TRY IT:
Please, from the entries below, transcribe exactly the lines that begin at the line with "lol》节奏明快、轻松,让台下的老师和同学都忍不住跟着节拍摇摆。紧随其后的音乐剧《We don’t talk" and end at the line with "spring is stretche", without the pictures.

MATERIAL FOR THE TASK:
____
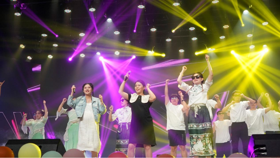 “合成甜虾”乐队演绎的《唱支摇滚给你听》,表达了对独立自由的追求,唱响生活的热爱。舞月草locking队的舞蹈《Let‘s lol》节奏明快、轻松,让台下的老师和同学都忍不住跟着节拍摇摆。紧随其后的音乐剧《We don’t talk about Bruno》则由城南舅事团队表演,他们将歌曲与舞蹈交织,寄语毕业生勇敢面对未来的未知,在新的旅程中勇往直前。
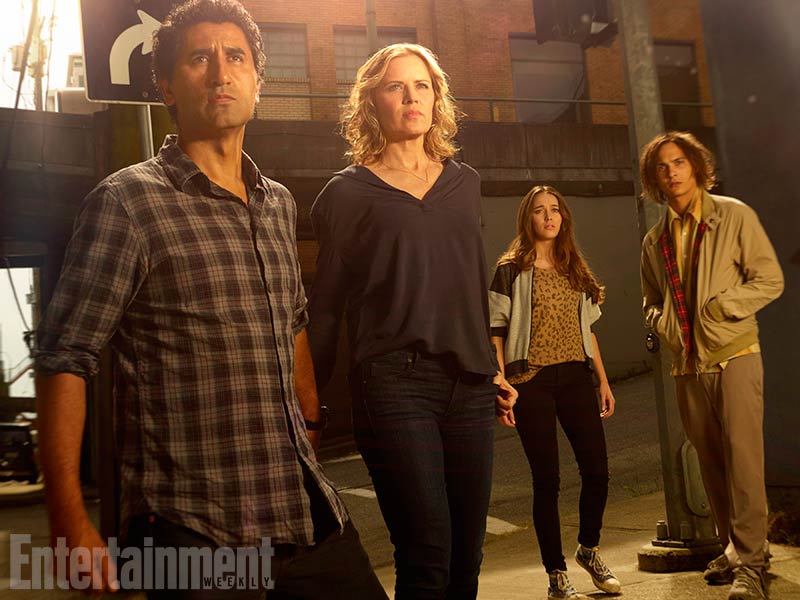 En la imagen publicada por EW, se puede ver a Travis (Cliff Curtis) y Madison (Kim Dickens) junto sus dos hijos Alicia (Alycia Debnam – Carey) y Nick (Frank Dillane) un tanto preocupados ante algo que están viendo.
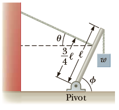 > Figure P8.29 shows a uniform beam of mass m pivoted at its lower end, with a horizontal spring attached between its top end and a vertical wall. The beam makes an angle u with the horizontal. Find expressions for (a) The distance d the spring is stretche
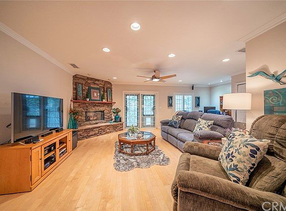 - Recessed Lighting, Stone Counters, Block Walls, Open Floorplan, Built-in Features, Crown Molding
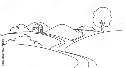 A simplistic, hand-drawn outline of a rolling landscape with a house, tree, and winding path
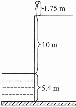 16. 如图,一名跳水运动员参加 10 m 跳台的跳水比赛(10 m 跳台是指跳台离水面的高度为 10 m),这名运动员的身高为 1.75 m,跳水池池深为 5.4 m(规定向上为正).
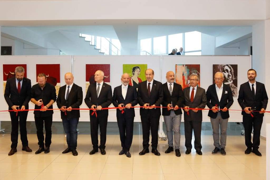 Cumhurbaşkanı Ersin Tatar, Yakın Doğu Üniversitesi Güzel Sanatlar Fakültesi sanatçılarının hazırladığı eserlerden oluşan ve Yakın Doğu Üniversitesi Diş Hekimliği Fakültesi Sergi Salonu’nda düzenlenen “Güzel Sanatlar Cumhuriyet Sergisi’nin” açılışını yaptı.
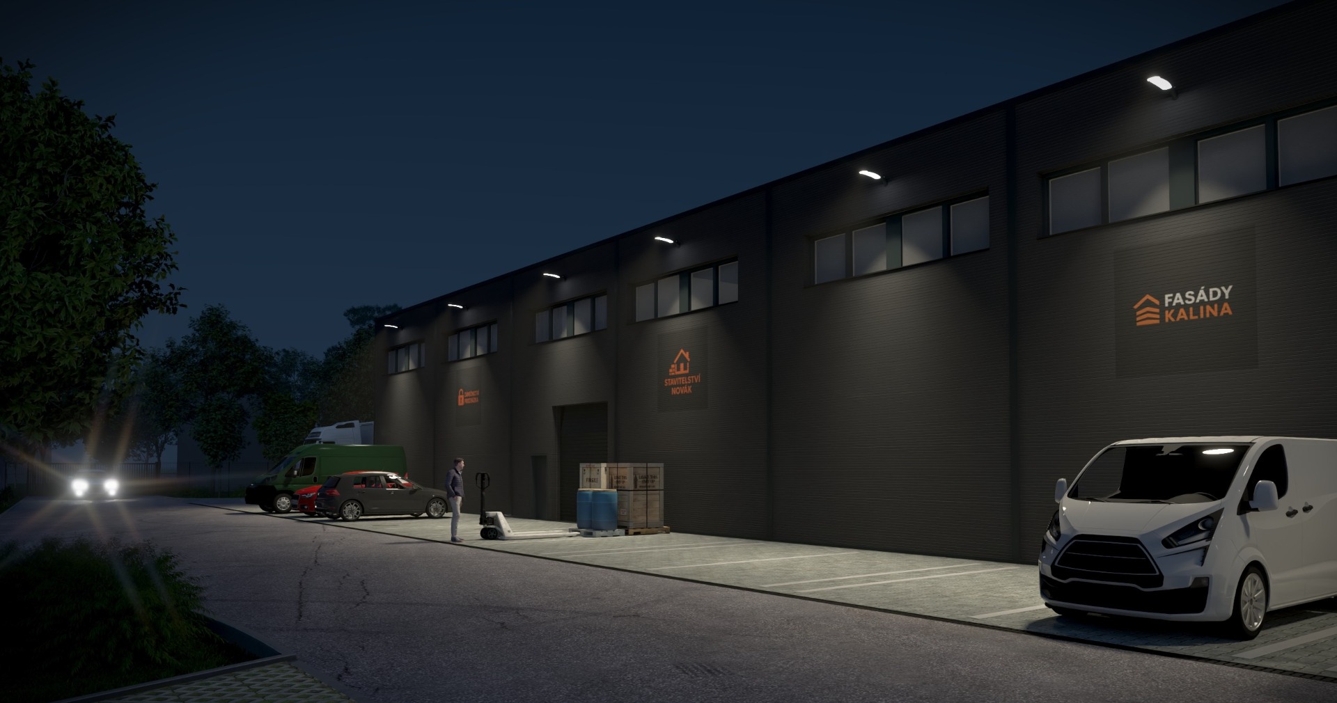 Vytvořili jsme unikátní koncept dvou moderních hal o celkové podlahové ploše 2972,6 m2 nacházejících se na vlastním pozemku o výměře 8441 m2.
____
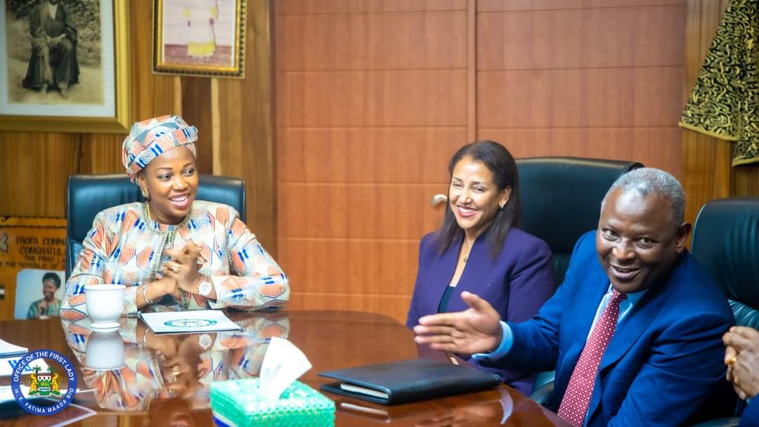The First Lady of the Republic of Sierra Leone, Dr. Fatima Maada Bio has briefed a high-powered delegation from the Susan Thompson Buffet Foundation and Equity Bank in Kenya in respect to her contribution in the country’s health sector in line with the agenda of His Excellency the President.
____
SOLUTION FOR THIS PROBLEM:
 “合成甜虾”乐队演绎的《唱支摇滚给你听》,表达了对独立自由的追求,唱响生活的热爱。舞月草locking队的舞蹈《Let‘s lol》节奏明快、轻松,让台下的老师和同学都忍不住跟着节拍摇摆。紧随其后的音乐剧《We don’t talk about Bruno》则由城南舅事团队表演,他们将歌曲与舞蹈交织,寄语毕业生勇敢面对未来的未知,在新的旅程中勇往直前。
 En la imagen publicada por EW, se puede ver a Travis (Cliff Curtis) y Madison (Kim Dickens) junto sus dos hijos Alicia (Alycia Debnam – Carey) y Nick (Frank Dillane) un tanto preocupados ante algo que están viendo.
 > Figure P8.29 shows a uniform beam of mass m pivoted at its lower end, with a horizontal spring attached between its top end and a vertical wall. The beam makes an angle u with the horizontal. Find expressions for (a) The distance d the spring is stretche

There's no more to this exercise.